Discussion in 'General Pro Player Discussion' started by tennissavy, Apr 26, 2005.

  1. tennissavy

    tennissavy Hall of Fame

    Jan 7, 2005
    We've all seen a lot of pros do it- have a huge dominant lead and choke to death. Lindsay against Kuznetsova, Maria and Serena. Myskina choked when up 5-1 to Henin. The latest is going on right now in Estoril- Osterloh up 6-0 and a break in the 2nd is now in danger of being ousted. It's incredible how such commanding leads can dissipate. How? Sudden caving in under nervousness?

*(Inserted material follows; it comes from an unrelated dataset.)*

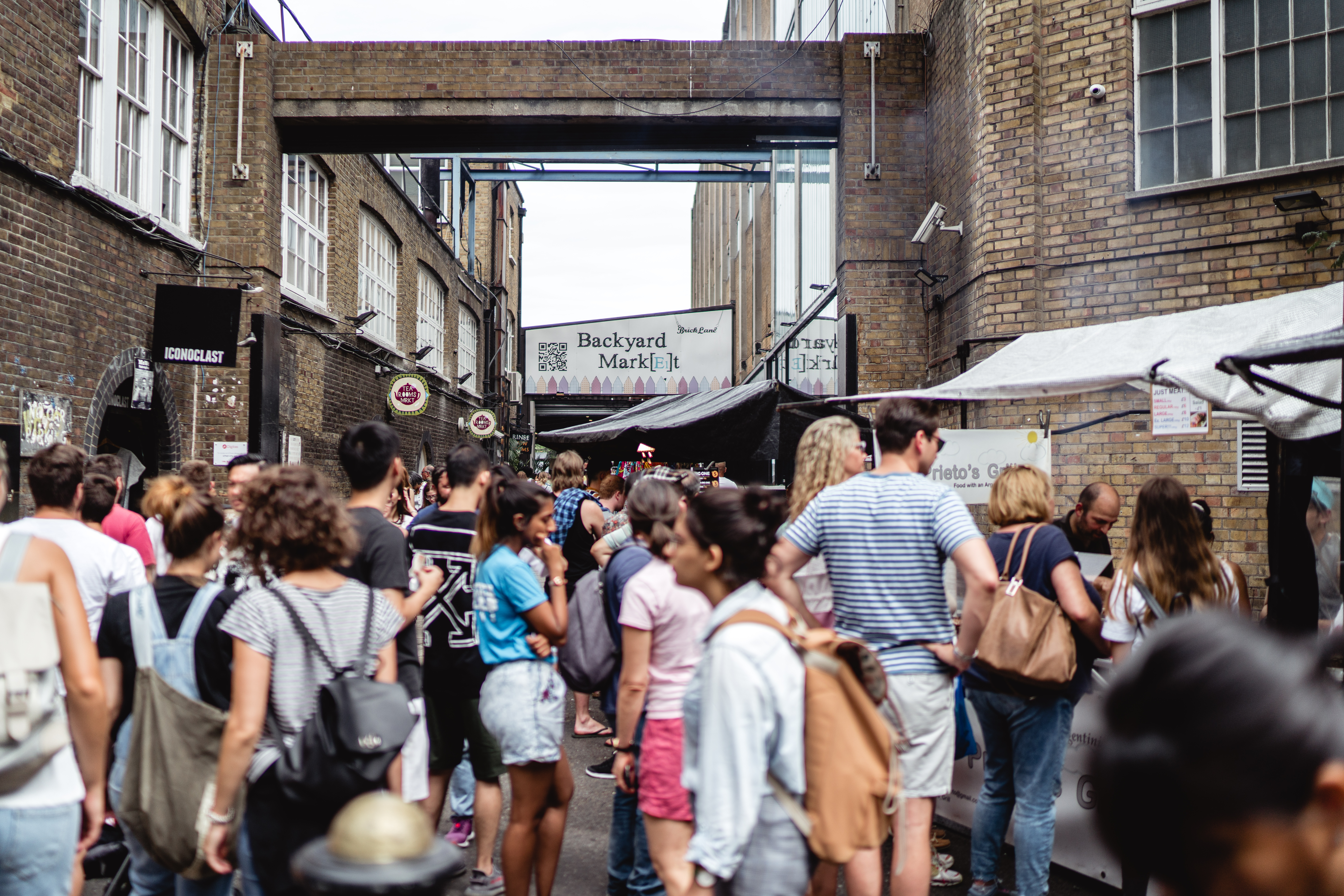 Ήρθε η ώρα για μια γενναία δόση shopping κι έχετε στη διάθεσή σας πέντε ολόκληρους χώρους να εξερευνήσετε. Εκείνοι της πρώην ζυθοποιίας Truman Brewery με την ψηλή καμινάδα από τούβλα να ξεχωρίζει, έχουν ανακαινιστεί και μετατραπεί σε σκεπαστές αγορές που φιλοξενούν από πάγκους φαγητού έως αντικείμενα και ρούχα πρωτοποριακού σχεδιασμού. Η Old Truman Brewery Market αποτελείται πλέον από τις Upmarket, Backyard Market, Vintage Market, The Tea Rooms και Boiler House Food Hall, που η καθεμιά προσφέρει μια απολαυστική εμπειρία shopping. Η Upmarket με τους 200 πάγκους σας δίνει την ευκαιρία να αγοράσετε μερικά από τα καλύτερα χειροποίητα ρούχα, αξεσουάρ, κοσμήματα, έργα τέχνης, είδη σπιτιού και κεραμικά που παρουσιάζονται και πωλούνται απευθείας από τους ίδιους τους δημιουργούς. Μαζί με όλα αυτά τα μοναδικά αντικείμενα θα βρείτε και μια τεράστια επιλογή από λαχταριστά ethnic φαγητά, που μαγειρεύονται επί τόπου και εκπροσωπούν όποια κουζίνα τραβάει η όρεξή σας: από τη Γιαπωνέζικη ως τη Μεξικάνικη, από την Αιθιοπική ως την Κορεάτικη και από την Ιταλική ως την Ινδική. Οι εξωτικές μυρωδιές και τα αρώματα των μπαχαρικών από τα τεράστια τηγάνια αναμειγνύονται και μαζί με τις δελεαστικές γλυκές δημιουργίες και εγγυόνται ότι θα ικανοποιήσουν και τους πιο εκλεκτικούς foodies. Μη φύγετε χωρίς να δοκιμάσετε τουλάχιστον ένα από τα ethnic πιάτα.
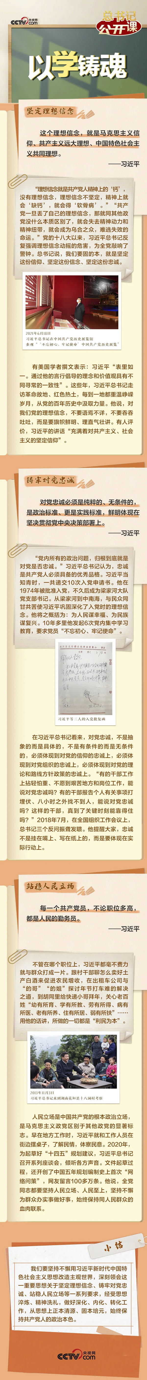 “以学铸魂,就是要做好学习贯彻新时代中国特色社会主义思想的深化、内化、转化工作,从思想上正本清源、固本培元,筑牢信仰之基、补足精神之钙、把稳思想之舵。”今年4月,习近平总书记在广东考察时围绕“以学铸魂”提出明确要求,强调“坚定理想信念”“铸牢对党忠诚”“站稳人民立场”。

I could understand an injury but in the cases I've mentioned, it just seems to be mental weakness.
  2. Andy Hewitt

    Andy Hewitt Professional

    Feb 10, 2005
    It is quite shocking really.
  3. scoot

    scoot Rookie

    Apr 19, 2005
    Yes, usually its mental weakness on the part of the player in the lead but thats not all of it. Dont forget, its harder to close a match than it is to open a lead. Players when down with their back against the walls finally let loose and swing from their hips - they have nothing to lose. This is why you often see players losing sets 6-0 and then you'll have a very close second set. Also its hard for the player in the lead to sustain such a high level over the course of multiple sets. Only elite players (Graf, prestabbing Seles, Hingis, Williams, etc.) have the ability to maintain devastating form & demoralize opponents from start to finish.
  4. federerhoogenbandfan

    federerhoogenbandfan Banned

    Mar 5, 2005
    I would add 2003-onwards Henin to that category. She might lose matches, but she slams the door closed now when she has a grip on the match, and she has the ability to dig in and take a match from an opponent too.
  5. axl1892

    axl1892 New User

    Nov 5, 2004
    Most of it is mental, obviously, as is so much about tennis. But also you are being very selective about your examples - most 5-1 leads turn into 6-1 sets, and then we never talk about them again. It's only the small proportion of 5-1 leads that degenerates into 5-7 losses, but then it's truly a huge surprise and worth the mention, particularly when it happens on a big stage between top players.
    The other explanation is that the player who is behind, having nothing to lose, starts swinging for the fences, gets lucky, starts to pull back, the leader gets nervous, and things spiral out of control.
    Some players just play better with their backs against the wall. I still remember a match I played with a guy where I was up 6-2, 5-2. I served for it at 5-2, 5-4, 6-5 and had several matchpoints on serve in the tiebreak, and I swear, every time it came up, the guy played a great point, and got out of trouble. I won the 3rd 6-1 just because he was so exhausted, but let me tell you when he finally won a game at 5-0, I was starting to think it was going to happen all over again.